Like most small tropical islands, Bonaire is largely dependent on imported food. This results in high food prices due to import taxes and transport costs, and high vulnerability towards price fluctuations and global developments, which both present major risks to food security. With many inhabitants living on or below the poverty line, low incomes translate into eating cheap unhealthy food, often causing health issues.

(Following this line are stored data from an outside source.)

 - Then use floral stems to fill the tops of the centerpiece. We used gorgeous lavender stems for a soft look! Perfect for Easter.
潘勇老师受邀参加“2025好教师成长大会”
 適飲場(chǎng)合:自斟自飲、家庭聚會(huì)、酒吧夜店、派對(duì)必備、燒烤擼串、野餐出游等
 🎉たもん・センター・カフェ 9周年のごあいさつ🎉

While 25% of Bonaire’s surface consists of rural areas suitable for on- land food production, current practices of agriculture are small scale, mainly due to small domestic markets and limited access to freshwater, electricity, human capacity and know-how, while the widely used practice of extensive husbandry results in suboptimal yield and severe grazing- induced erosion issues. Sustainable development of agriculture and husbandry on Bonaire thus provides a great opportunity to increase food security, but requires a holistic (nexus) approach that accounts for the local socio-economic setting and the interlinkages between the water, food, energy and ecosystem domains, to identify trade-offs and seek for synergies among these domains.

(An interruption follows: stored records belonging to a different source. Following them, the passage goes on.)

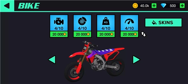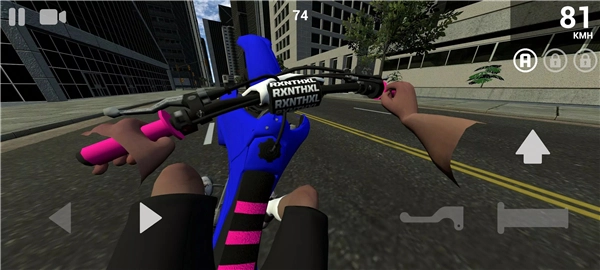 2、游戏操作同样简单,左侧按钮用于控制方向,右侧的↑按钮能让摩托车抬头,下方的两个按钮分别是刹车键和油门键。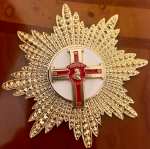 I Cavalieri di Gran Croce d’Oro portano la Croce dell’Ordine rossa caricata da una placca filigranata in argento a raggi uscenti, il tutto pendente da una fascia rossa.
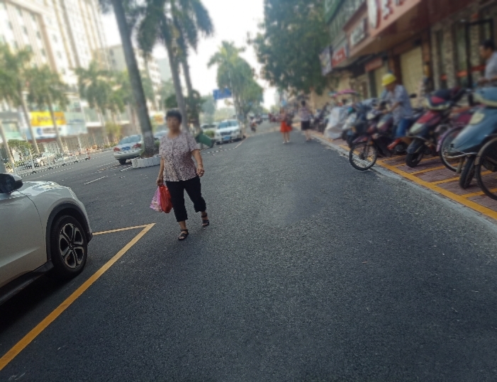 说真的那一段乱停乱放有时有点乱,行人有时也有点难过,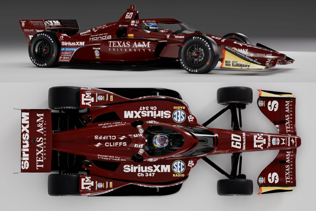 With INDYCAR returning to Texas for the first time since 2023, Rosenqvist and Meyer Shank Racing will mark the occasion by deploying a bespoke design on the Swede’s MSR Honda this weekend, featuring branding from SiriusXM SEC Radio and Texas A&M University.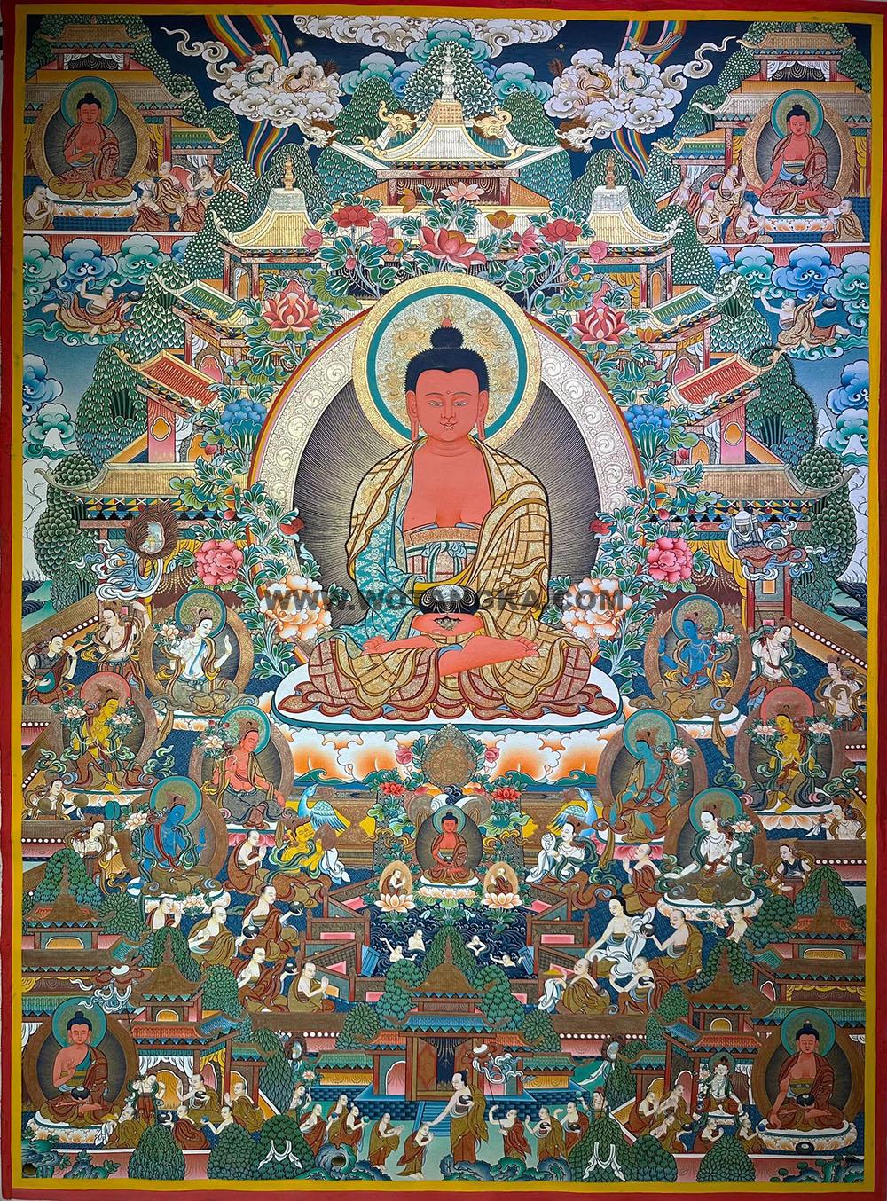 中国唐卡艺术作品中的【阿弥陀佛·极乐净土】唐卡手绘布本,热贡知名画师尼玛次仁·画院出品,收藏供奉不要错过。作品主尊宝相传神, 采用天然矿石晕染,纯金描线,画工细腻,殊胜,精美、风格富丽,采用24K真金描绘,画工细腻,开脸殊胜,是一副难得一见的好唐卡作品。

Several nexus interventions are presented that will aid sustainable development of the agricultural and livestock sector, while simultaneously contributing to water, energy, ecosystem and nutrition security. Identified key nexus interventions are: strong policy aimed at facilitation of fenced livestock keeping, water-saving agriculture, decentralized solar power, development of an agro-business and knowledge centre, and development of educational programmes on sustainable agriculture and healthy diet.
Introduction
Food security and nutrition is a known challenge for many small tropical islands. On small tropical islands, local food production is often constrained by the arid climate, limited availability of resources (e.g. fertile land, freshwater) and infrastructure (e.g. inadequate ports, roads, storage facilities), small domestic markets, geographical remoteness resulting in very high logistic costs that undermine export led development, and the dominance of other economic sectors, most notable tourism. As such, small tropical islands typically depend on import for their food supply, and Bonaire is no exception. Although this dependence on imported food provides some form of food security, it also creates numerous problems with regard to food security. These problems include relatively high food prices due to import taxes and high transport costs, high vulnerability towards price fluctuations and global developments, significant levels of food loss and waste, environmental and natural resource degradation, and growing malnutrition and public health costs due to the emergence of and preference for more energy dense and convenient processed foods (FAO 2017).